Pacific Science, vol. 68, no. 2 October 24, 2013 (Early view)

Introduction

Common minke whales (Balaenoptera acutorostrata) are widely distributed from the equator

to the polar regions (Jefferson et al. 2008). In the western North Pacific, two stocks are

recognized, the East Sea-Yellow Sea-East China Sea stock (J stock) and the Okhotsk Sea-West

Pacific stock (O stock) (IWC 1983). Common minke whales in Korean waters, which are from J

stock, are the most abundant baleen whale in this area, with a population size of 5,841

individuals (95% confidence interval: 2,835-12,032) during August and September of 1989 and

1990 (Buckland et al. 1992). Their locations of highest abundance correspond with the

continental shelves parallel to shore (Cho et al. 2003), with southward migrations to breeding

areas occurring in winter, and return migrations occurring to northern feeding areas in the

summer (Gong 1988).

Common minke whales were extensively hunted until the moratorium on commercial whaling

began in 1986 (Kim 1999). During the commercial whaling period, the total recorded catch

numbers from 1962-1986 were 13,734 whales, with a peak of 1,033 in 1973 (Kim, 1999).
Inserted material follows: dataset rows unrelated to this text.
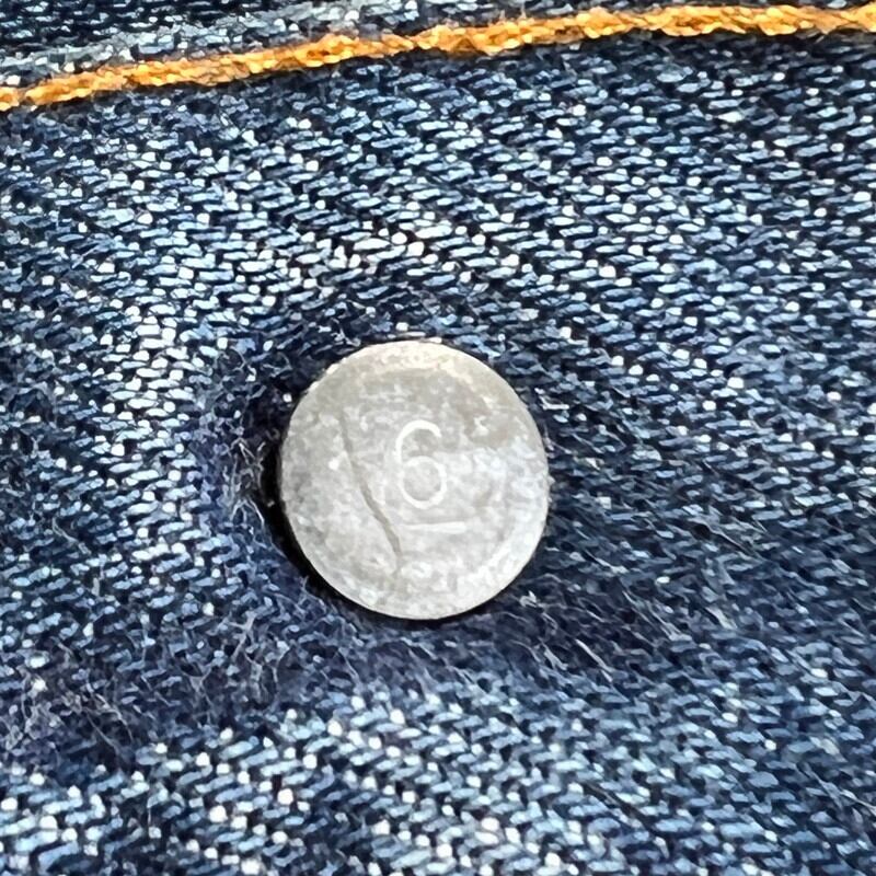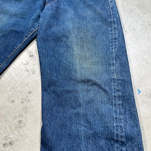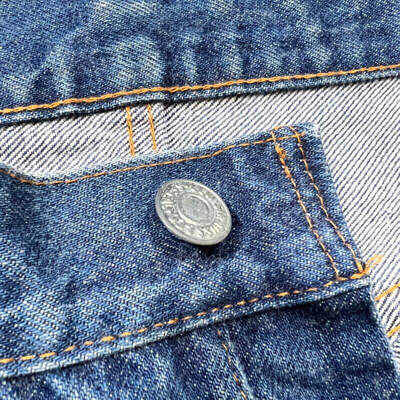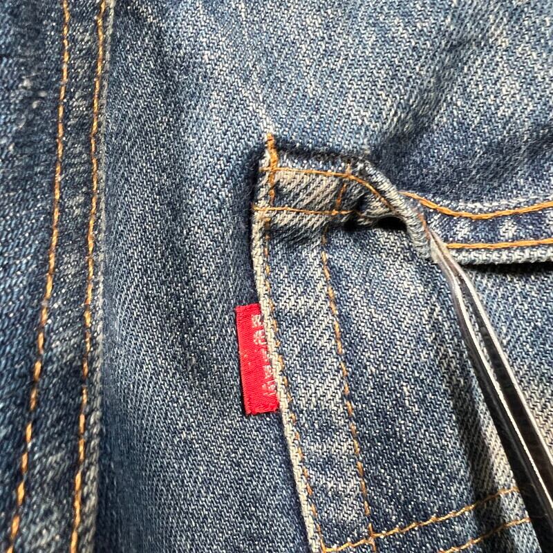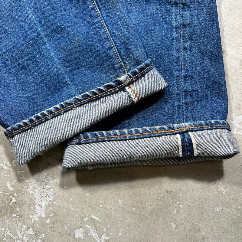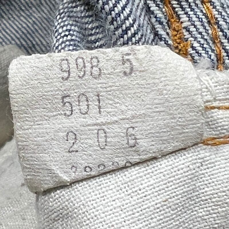 80年代初頭のLevi's501 デニムパンツです。トップボタン裏刻印6、ウォッチポケット裏チェーン、赤耳セルヴィッジ、縮率8%、赤タブスモールe、バックポケット裏チェーン、1980年製。比較的色が残る個体で、5~6割の色味です。ヒゲやハチノスは入っていませんが、センターの折り跡が見られます。バックポケットにも財布あとの様な色落ちも見られます。アタリや細かな擦れは見られますが、ダメージやリペアの無いグッドコンディションです。これからのエイジングも充分楽しんでいただける個体だと思います。表記はW32でウエスト実寸はW30位です。レングスは恐らくオリジナルかと思われますが、表記のL30からは3インチ程縮んでいます。66後期でも色味が残っている個体はかなり見つかりづらくなっているので、サイズが合う方は是非この機会をお見逃しなく。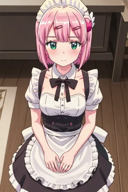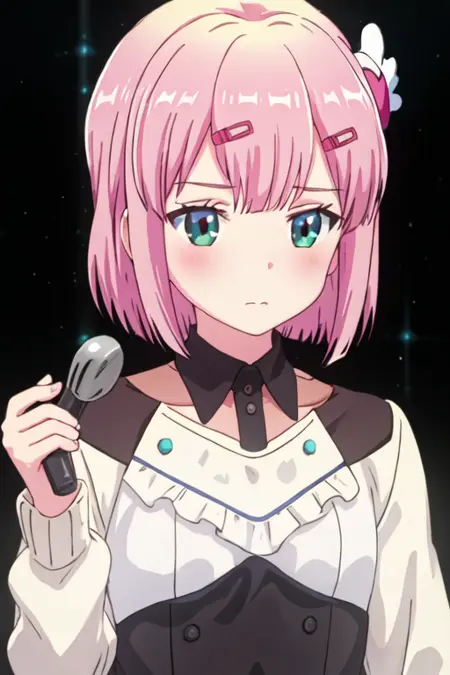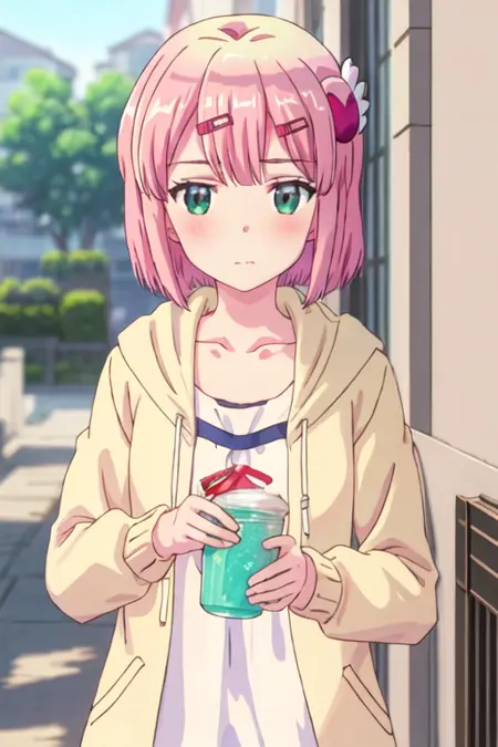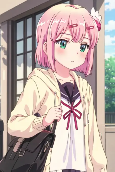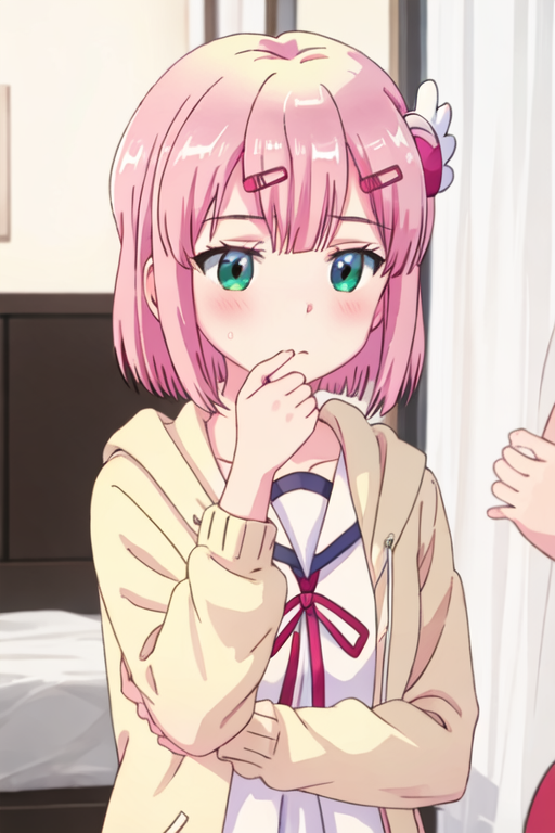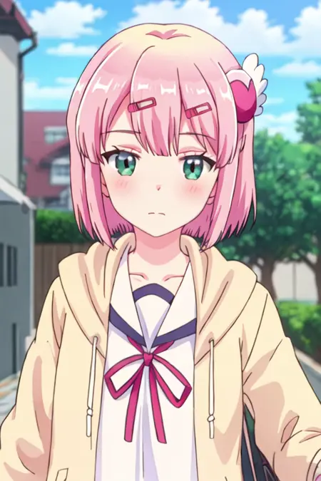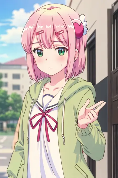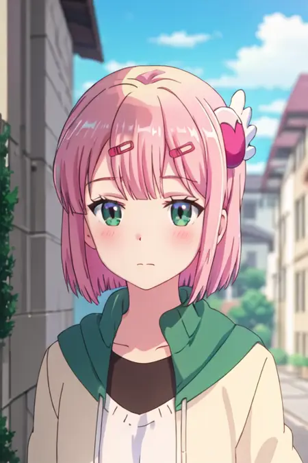 The trigger word is chiyoda_momo_thedemongirlnextdoor, and the recommended tags are best quality, masterpiece, highres, solo, {chiyoda_momo_thedemongirlnextdoor:1.15}, pink_hair, short_hair, hair_ornament, blush, hairclip, closed_mouth, bangs, shiny_hair, green_eyes.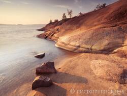 This Rights-Managed stock photo 'Georgian Bay red rocks landscape at dawn' is created by Alex Maxim and can be licensed for your advertising, corporate, editorial or other use. Click 'License this Image' to estimate the license fee and add the image to cart. Licensed files are delivered electronically as soon as the payment is processed.

Although common minke whales in Korean waters were protected for more than 23 years after

this moratorium, they continued to be anthropogenically threatened by the fishing industry

bycatch in this area (Song 2010, Song et al. 2010, Zhang et al. 2010, Song 2011, Song 2013).

Several studies have been conducted in the past on the ecological role of common minke

whales, including on their feeding habits (Haug et al. 1996, Konishi et al. 2009), prey preferences (Lindstrøm and Haug 2001, Murase et al. 2007) and functional response (Smout and

Lindstrøm 2007). These studies showed that common minke whales are top predators that feed on commercially important fishes, especially small pelagic fishes such as Japanese anchovy, in addition to small crustaceans such as euphausiids and thus play an important top-down ecological role in the marine ecosystem. In particular, some studies also reported that common

minke whales showed prey selection for Japanese anchovy in the western North Pacific (Murase et al. 2007).

The roles of marine mammals in the marine ecosystem were investigated by using a variety of

ecosystem models, including the Ecopath model, in many regions of the world (Mori and

Butterworth 2006, Morissette et al. 2006, Lindstrøm et al. 2009). All these studies indicated that

ecosystem models are important for the purpose of the investigation of the ecological roles of

marine mammals. In particular, a mass balance ecosystem model, the Ecopath model, is

normally used to investigate the ecosystem structure and function (Walters et al. 1997,

Christensen et al. 2000).

Recent fisheries management studies that include cetaceans are based on ecological interactions among various taxa in the ecosystem (Walters et al. 1997, Christensen et al. 2000).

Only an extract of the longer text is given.